A related art MPEG-2 decoder having a clock recovery system therein will be described with reference to the accompanying drawings. FIG. 1 is a schematic view of a clock recovery system according to the related art.
As shown in FIG. 1, the related art clock recovery system includes a subtractor 1, a Low Pass Filter (LPF)/gain controller 2, an STC counter 3, and a Voltage Controlled Oscillator (VCO) 4. A PCR extractor (not shown) obtains, from a bit stream received through an input terminal of the MPEG-2 decoder, a PCR value representing a count value generated by an encoder counter when that PCR value was generated. A plurality of PCR values from a plurality of bit streams are obtained by the PCR extractor during the decoding process. Each of the obtained PCR values is provided to both the subtractor 1 and the STC counter 3.
Initially, the first PCR value obtained by the PCR extractor is provided to the STC counter 3. The initial count value of the STC counter 3 is set as the first PCR value extracted by the PCR extractor, and the STC counter 3 counts at an initial system clock frequency obtained from the VCO 4. Thereafter, upon receipt of each subsequent PCR value during the decoding process, the current count value of the STC counter 3 is provided to the subtractor 1.
The subtractor 1 calculates the difference between the PCR value obtained from the PCR extractor and a current STC value received from the STC counter 3, and outputs the results thereof. The LPF/gain controller 2 outputs a control signal to the VCO 4 by low pass filtering the output from the subtractor 1 and controlling the gain thereof. The VCO 4 varies a local clock frequency and then outputs a control signal so that the STC counter 3 counts at a system clock frequency of 27-MHz. The VCO 4 also outputs a 27-MHz decoder clock signal to an output terminal. The above process is repeated accordingly, so that the decoder clock is continuously synchronized with the encoder clock having a frequency of 27-MHz.
FIG. 2 is a schematic view of another clock recovery system according to the related art.
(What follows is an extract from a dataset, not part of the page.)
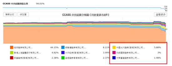 加上相信除了研究部以外,市场上也会有不少聪明的资金追踪到中船重工的增持行动,并相信长盈本来会有重大重组。这时他们就会倾向在消息公布前以不同方法抢先下注。研究部从长盈集团的中央结算系统持股纪录(CCASS)中发现,长盈集团的第一大仓结好证券的持仓正在不断下降,而这些股票持仓就是被转移到三间有中资背景的券商中,它们分别是中国光大证券、交银国际证券以及中策富汇证券。当中相信中船重工就是利用上述三间有中资背景的券商在公开市场上增持长盈集团的股票的。不过大家还需要注意一点,就是如果分别计算中船重工以及那三间券商在长盈集团的持仓增加的话,那三间券商明显是较多的。这又是否代表又有另一笔资金在增持长盈集团的股票呢?

The clock recovery system of FIG. 2 includes an STC counter 21, a PCR register 22, an STC register 23, a Pulse Width Modulator (PWM) 24, a Micro-Controller Unit (MCU) 27, an LPF/gain controller 25, and a VCO 26.
The processing involved is similar to that of the related art clock recovery system shown in FIG. 1, except that a PCR value and an STC value at the time when that PCR value is input are both provided to the MCU 27 for calculating the difference between the PCR value and the STC value. Also, the PCR register 22 temporarily stores the PCR values extracted from the PCR extractor, while the STC register 23 temporarily stores the STC values output from the STC counter 21. Instead of a subtractor, the MCU 27 receives and calculates the difference between a PCR value temporarily stored in the PCR register 22 and a STC value temporarily stored in the STC register 23. The PWM 24 generates a PWM signal in response to the difference value calculated by the MCU 27, and outputs a PWM signal to the LPF/gain controller 25.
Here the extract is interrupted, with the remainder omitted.